Chroniques, Livres

Et qu’importe la révolution – Catherine Gucher

Immense coup de cœur pour ce roman dont je ne connaissais ni l’auteur ni la maison d’édition. Dès les premières pages, dès la première ligne lue, dès la première image décrite, j’étais conquise. Comment ne pas penser au grand livre d’Hemingway, Pour qui sonne le glas ? la plume de l’auteur mise à part, on retrouve l’odeur de la révolution, des montagnes, le goût de la fronde, le temps qui se suspend au souffle des armes, et surtout la cause qu’on embrasse, viscéralement, au-delà du soi, jusqu’à ce que le soi n’existe que par le peuple, jusqu’à la folie, jusqu’au déchirement, jusqu’à la mort.
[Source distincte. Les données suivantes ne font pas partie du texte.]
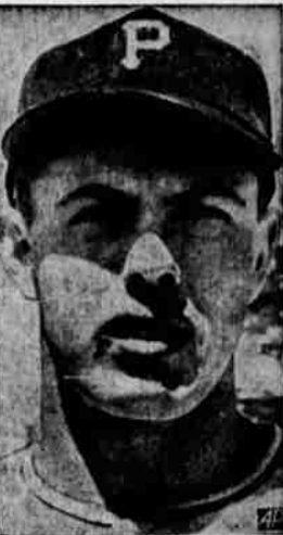
Wins Cliff Chambers (above) of the Pittsburgh Pirates yielded only four hits, all singles, in besting Warren Spahn in a pitching duel as the Pirates defeated the Boston Braves, 1-0.

Imperial is made by Hiram Walker. Blended whiskey. 86 proof. 70% grain neutral spirits. Hiram Walker & Sons Inc., Peoria, Illinois.

Oscillant entre le silence des montagnes ardéchoises, le soleil révolutionnaire de Cuba, les rues espagnoles jonchées des espoirs écrasés par l’armée franquiste, ce livre raconte le souvenir des disparus, de ce qui a été, de ce qui advient, la vieillesse inéluctable de la mémoire, du corps et des luttes de jeunesse.

Un soir de 2016, à l’annonce du décès de Fidel Castro Jeanne replonge dans ses souvenirs. Du fin fond de sa montagne ardéchoise, Jeanne se souvient donc, en silence, à l’abri de la ville et des hommes, de sa jeunesse révolutionnaire, elle se souvient d’un passé qu’elle tente de maintenir présent, l’arrière-goût amer de l’inachevé, d’un idéal cantonné au rêve. Elle se souvient des luttes, tente de les faire revivre, son corps a besoin de vibrer encore, une dernière fois.
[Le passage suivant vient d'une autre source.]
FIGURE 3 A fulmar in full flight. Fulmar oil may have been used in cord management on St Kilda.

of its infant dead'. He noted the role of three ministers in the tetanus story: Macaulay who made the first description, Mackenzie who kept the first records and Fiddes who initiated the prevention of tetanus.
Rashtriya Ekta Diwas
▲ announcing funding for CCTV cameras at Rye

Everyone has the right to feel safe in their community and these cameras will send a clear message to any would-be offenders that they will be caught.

De l’autre côté des Pyrénées, Ruben se souvient aussi, de son enfance volée, de la traversée des montagnes, la fuite de la dictature de Franco, Ruben l’Espagnol, Ruben le réfugié, d’abord à Marseille et ensuite à Oran, et pour finir à Cassis. Il se souvient de Jeanne et tente de convoquer un passé, les morts, les amours contrariées, les blessures, les non-dits et les regrets.
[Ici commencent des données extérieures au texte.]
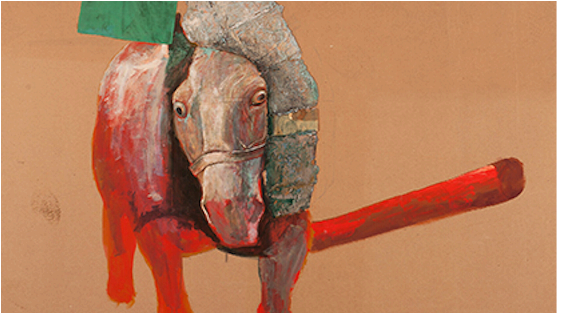
Mersad Berber. Courtesy of Pera Museum

Mersad Berber (1940 – 2012) is one of the greatest and most significant representatives of Bosnian–Herzegovinian art from the second half of the 20th century. His vast body of expressive and unique works triggered the local art scene’s recognition into Europe as well as the international stage.

Un livre pour raconter deux vies qui se chevauchent, qui se ratent, deux vies au crépuscule qu’un idéal sépare, aussi immuable que les montagnes qui se dressent entre eux, mais qui essaieront de se retrouver malgré tout. Et ceci dans la meilleure écriture qui soit, celle qui vous fait sentir la chaleur du soleil sur votre peau, qui vous fait frissonner du vent des cimes, qui vous fait entendre le bois qui craquelle sous vos pas, et le cœur qui bat dans la poitrine.